Until my honeymoon last week, I had lived a life free from the sort of superabundance that generates loathing and jealousy. Arriving at a five-star, diamond-class resort is shocking enough for the traditionally cattle-class traveller. Grinning staff wave, and your bags vanish from view as you enter the reception. Hot towels and cold drinks are proffered and, from then on, it gets really ridiculous.
But it was only when I was sitting on a sun lounger by one of the most exclusive swimming pools in the Caribbean that I discovered the true meaning of five-star luxury. Aquamarine water was lapping inches from my toes and the pool bar beckoned a matter of feet away. Drowsily, I fingered the blue flag attached to the side of my lounger and wondered what it was for.
Now, subconsciously I knew, all right? I knew, but couldn’t resist the urge to raise the flag. So, gently blushing under my tan, I raised the flag and waited. In seconds, Canon, one of the windsurfing instructors, strolled over and asked: “Would you like something from the bar?”
I ordered a Del Boy-style cocktail and watched in shame as he moved three steps to my right and leant towards the bar to place my order.
“Using slaves now, are we?” hissed my new husband as I sipped the hand-delivered cocktail.
Many other moments during our fantastic ten- day stay helped me to define five-star luxury. It is this: the unwillingness of the filthy rich to do anything but raise a fork or a glass to their lips without cheap labour being underpaid to do it for them.
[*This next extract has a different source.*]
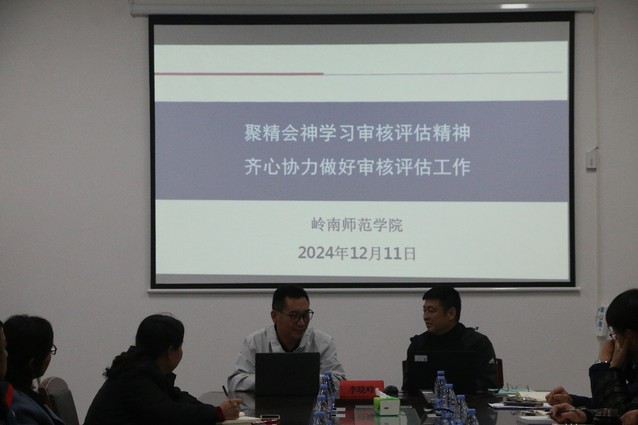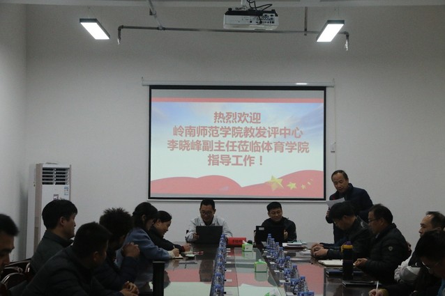 本站讯(学生记者 甘雪芹)1211日下午,岭南师范学院教学发展与质量测评中心副主任李晓峰、体育科学学院副院长梁立启莅临体育学院进行关于本科教育教学审核评估的指导及咨询工作。指导工作在文化艺术中心W107会议室进行,体育学院院领导、科室长、专业负责人、教研室主任、全体博士参加本次活动。活动由体育学院院长龙建新主持。

One remark helped keep my self-disgust at bay long enough for me to get sunburnt. As West Indian staff waited endlessly on white Europeans, I finally admitted to Giovanni, the “facilities manager”, that I felt deeply uncomfortable with the style of “luxury” on offer and the smiling apartheid of the resort. “Don’t worry,” he smirked, “this isn’t aimed at your type of English anyway.”